Et, de grâce, épargnez-moi ces visions des USA oscillant entre le pittoresque et l’erreur manifeste, c’est loin d’être négligeable et quelque part, cela inscrit une fois de plus la romance dans la lignée de sa grande soeur anglo-saxonne alors que la francophone a son originalité et et sa patte, sa French touch !

2 Comments

  • Cécile Ama Courtois 21 septembre 2020 at 15 h 57 min

    Tout à fait d’accord avec toi ! Je me suis fait la remarque un nombre incalculable de fois, y compris s’agissant des titres en anglais même quand l’histoire se passe en France (ou ailleurs).
    L’autre versant du problème, c’est qu’un auteur qui tente de sortir des lignes se fait systématiquement snober par le « système » : ME, autres auteurs, chroniqueuses, lectrices… ceux qui ne suivent pas la mode passent aux oubliettes. C’est malheureux.

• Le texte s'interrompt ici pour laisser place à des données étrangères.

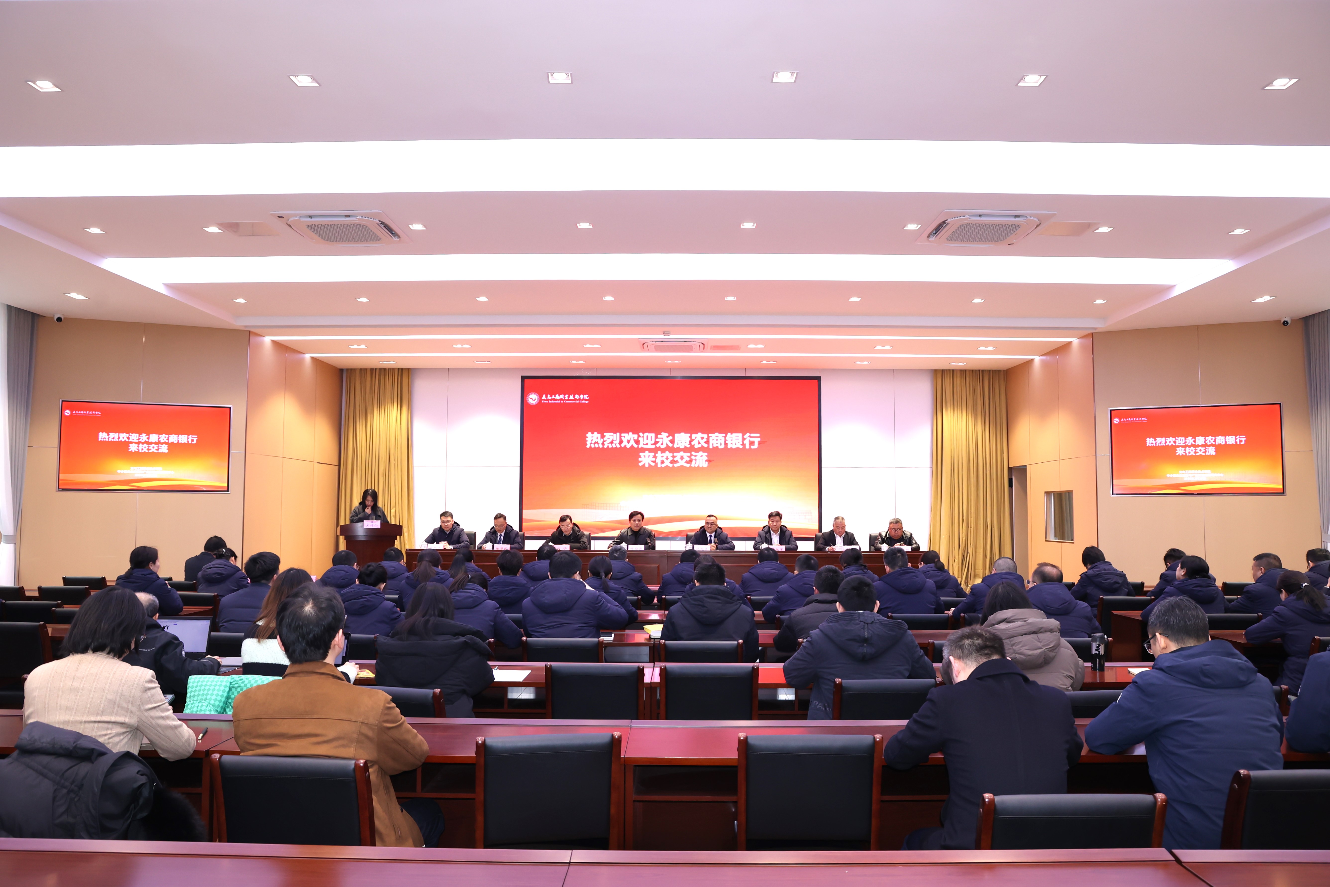 2月25日,永康农村商业银行党委书记、董事长沈旭勇率党委班子、支行及相关部室负责人45人到校考察交流,双方重点就深化银校合作、服务区域发展等展开深入交流。校党委副书记叶斯源、纪委书记吕华、经济管理学院相关负责人陪同考察并召开交流座谈会。学校金华社科智库中小微企业发展与产业创新治理研究中心团队成员、经济管理学院相关专业教师参加。

    • Sylvie Gand 21 septembre 2020 at 17 h 18 min

      Oui, c’est vrai. C’est pour ça que je pense que je serai plus sévère avec ces romances déconnectées de tout contexte ou qui s’en moquent. Beaucoup de lectrices n’ont jamais connu que ça et donc ne voient pas le problème. Elles sont considérées comme des clientes à satisfaire d’où le fait qu’on essaie de coller le plus à ce qu’elles ont envie de lire . Je ne sais pas si c’est possible mais il faut insister sur le fait qu’un genre littéraire ne se fait pas avec un contexte farfelu voire ridicule. Pourquoi le tolérer dans la romance, fournissant des arguments à ceux qui n’aiment pas ce genre et soulignent avec raison que ce genre de romans pose problème?